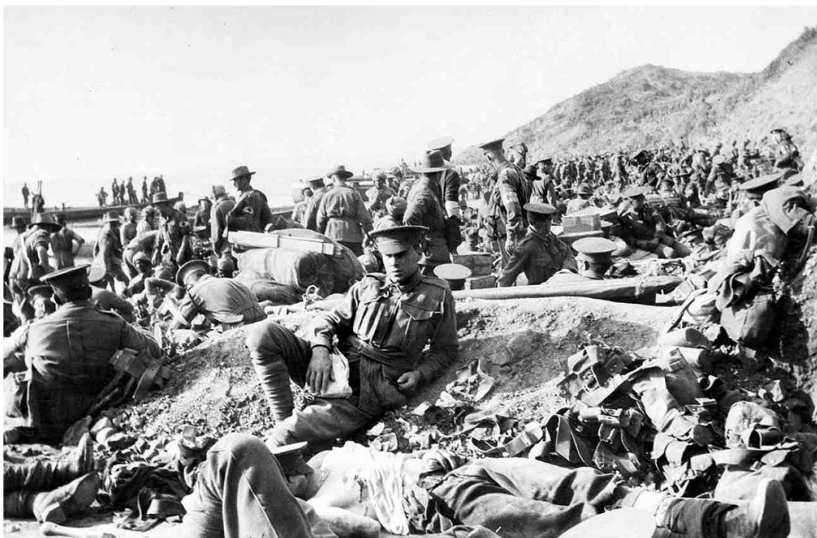
Příloha č. 4: ANZACS na jedné z vylodovacích pláží.
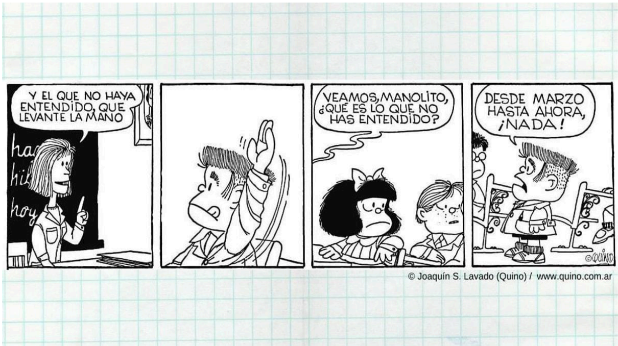
© Joaquín S. Lavado (Quino) / www.quino.com.ar

Realiza en doble hoja block un ejercicio de los orígenes de la gráfica latinoamericana contemporánea, orígenes del cómic .con las siguientes imágenes sugerida de artistas de este movimiento, te sugiero varios estilos , puedes cambiar sus colores

Your goal: What you return must match the data above exactly, with no images included.

Written response:
Příloha č. 4: ANZACS na jedné z vylodovacích pláží.
© Joaquín S. Lavado (Quino) / www.quino.com.ar

Realiza en doble hoja block un ejercicio de los orígenes de la gráfica latinoamericana contemporánea, orígenes del cómic .con las siguientes imágenes sugerida de artistas de este movimiento, te sugiero varios estilos , puedes cambiar sus colores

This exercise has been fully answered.